Data section:
*** Begin section ***
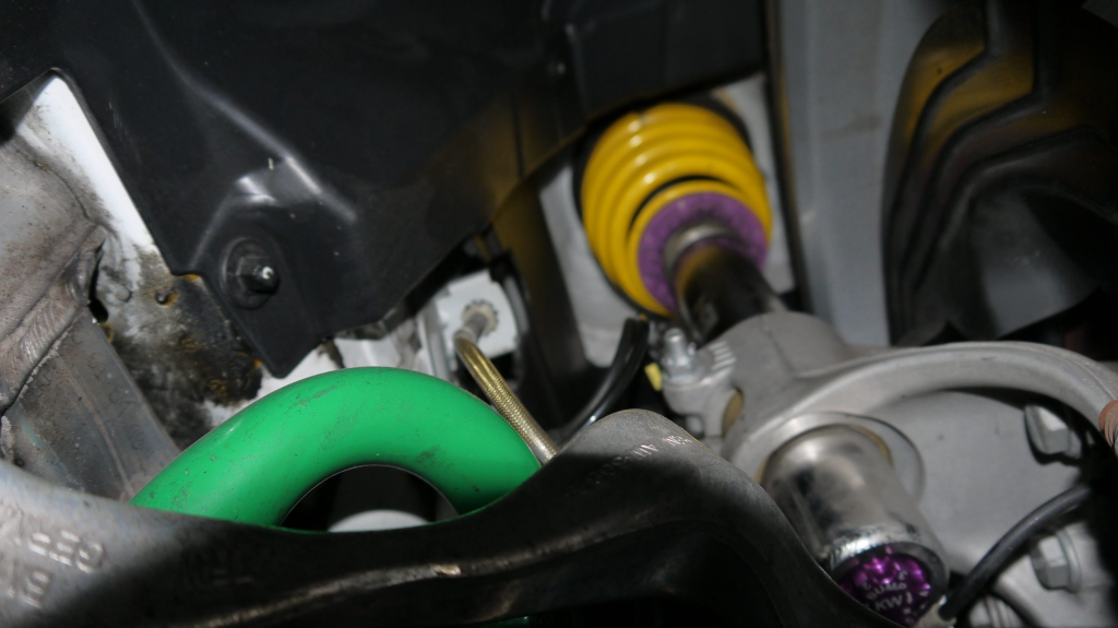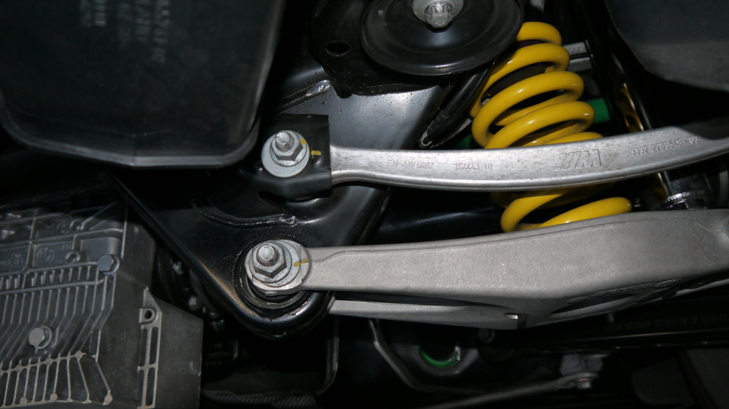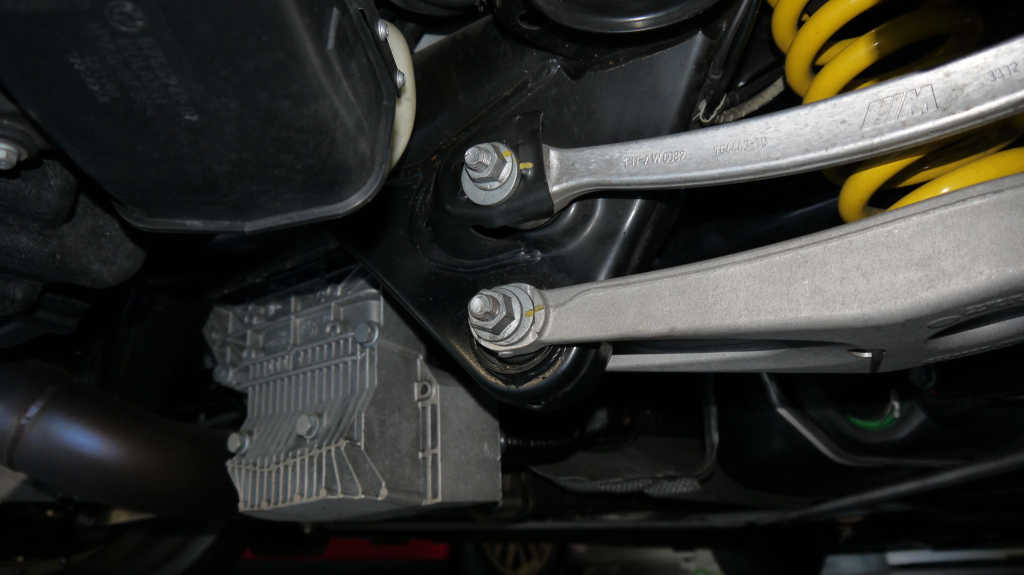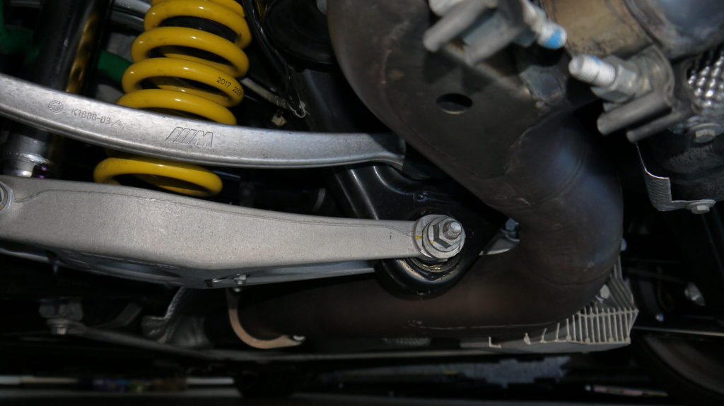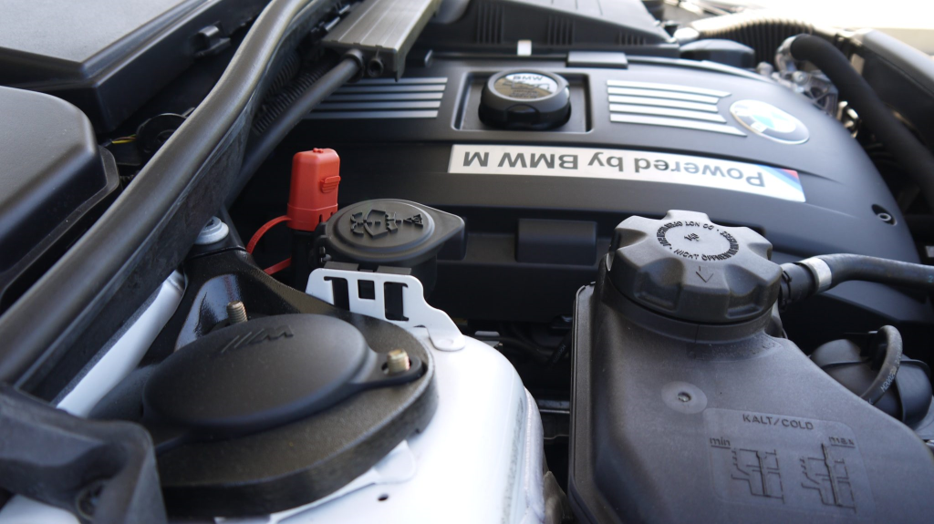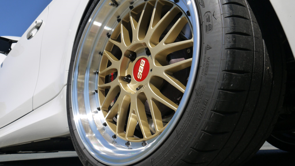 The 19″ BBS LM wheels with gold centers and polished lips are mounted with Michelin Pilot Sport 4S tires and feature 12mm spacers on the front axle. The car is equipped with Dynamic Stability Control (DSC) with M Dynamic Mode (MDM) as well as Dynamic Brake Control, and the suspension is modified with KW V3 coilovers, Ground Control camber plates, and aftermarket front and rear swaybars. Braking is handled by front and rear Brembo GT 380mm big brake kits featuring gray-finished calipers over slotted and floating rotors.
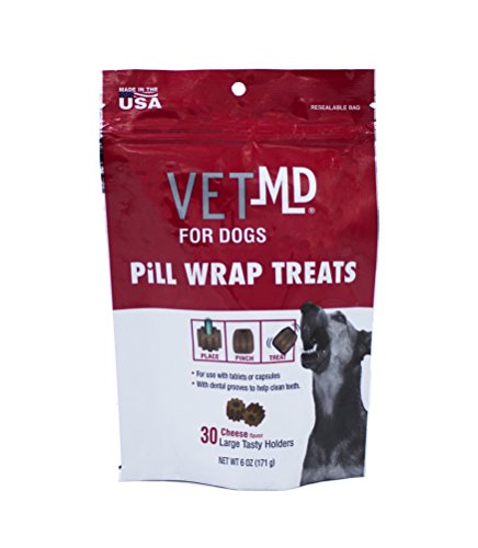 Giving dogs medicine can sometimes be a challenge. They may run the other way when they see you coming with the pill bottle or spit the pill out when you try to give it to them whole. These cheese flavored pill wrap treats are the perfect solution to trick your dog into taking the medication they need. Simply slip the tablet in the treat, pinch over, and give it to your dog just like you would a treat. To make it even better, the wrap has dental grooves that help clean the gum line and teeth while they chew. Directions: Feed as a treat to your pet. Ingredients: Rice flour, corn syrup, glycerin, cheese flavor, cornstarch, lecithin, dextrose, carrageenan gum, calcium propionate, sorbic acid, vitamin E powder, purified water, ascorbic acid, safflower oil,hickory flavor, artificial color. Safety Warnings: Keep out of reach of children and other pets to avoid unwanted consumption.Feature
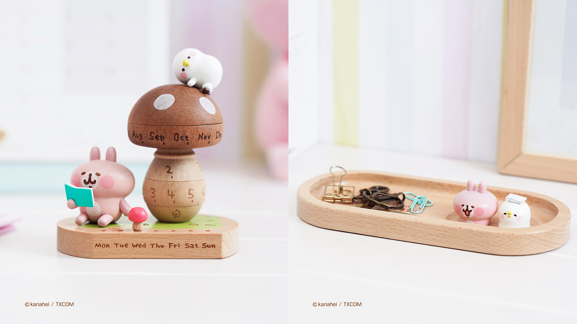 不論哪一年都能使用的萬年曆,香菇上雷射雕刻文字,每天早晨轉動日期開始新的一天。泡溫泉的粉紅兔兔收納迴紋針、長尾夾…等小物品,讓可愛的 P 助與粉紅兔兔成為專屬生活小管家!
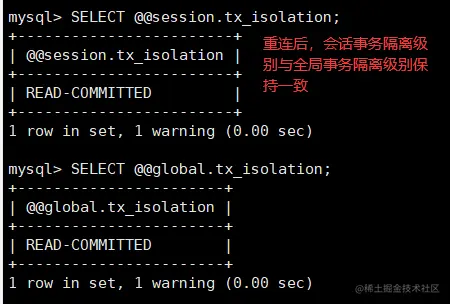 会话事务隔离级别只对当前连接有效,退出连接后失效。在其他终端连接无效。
*** End section ***
Work task: Please transcribe the listing exactly as it stands, but omit its pictures.

Task answer:
 The 19″ BBS LM wheels with gold centers and polished lips are mounted with Michelin Pilot Sport 4S tires and feature 12mm spacers on the front axle. The car is equipped with Dynamic Stability Control (DSC) with M Dynamic Mode (MDM) as well as Dynamic Brake Control, and the suspension is modified with KW V3 coilovers, Ground Control camber plates, and aftermarket front and rear swaybars. Braking is handled by front and rear Brembo GT 380mm big brake kits featuring gray-finished calipers over slotted and floating rotors.
 Giving dogs medicine can sometimes be a challenge. They may run the other way when they see you coming with the pill bottle or spit the pill out when you try to give it to them whole. These cheese flavored pill wrap treats are the perfect solution to trick your dog into taking the medication they need. Simply slip the tablet in the treat, pinch over, and give it to your dog just like you would a treat. To make it even better, the wrap has dental grooves that help clean the gum line and teeth while they chew. Directions: Feed as a treat to your pet. Ingredients: Rice flour, corn syrup, glycerin, cheese flavor, cornstarch, lecithin, dextrose, carrageenan gum, calcium propionate, sorbic acid, vitamin E powder, purified water, ascorbic acid, safflower oil,hickory flavor, artificial color. Safety Warnings: Keep out of reach of children and other pets to avoid unwanted consumption.Feature
 不論哪一年都能使用的萬年曆,香菇上雷射雕刻文字,每天早晨轉動日期開始新的一天。泡溫泉的粉紅兔兔收納迴紋針、長尾夾…等小物品,讓可愛的 P 助與粉紅兔兔成為專屬生活小管家!
 会话事务隔离级别只对当前连接有效,退出连接后失效。在其他终端连接无效。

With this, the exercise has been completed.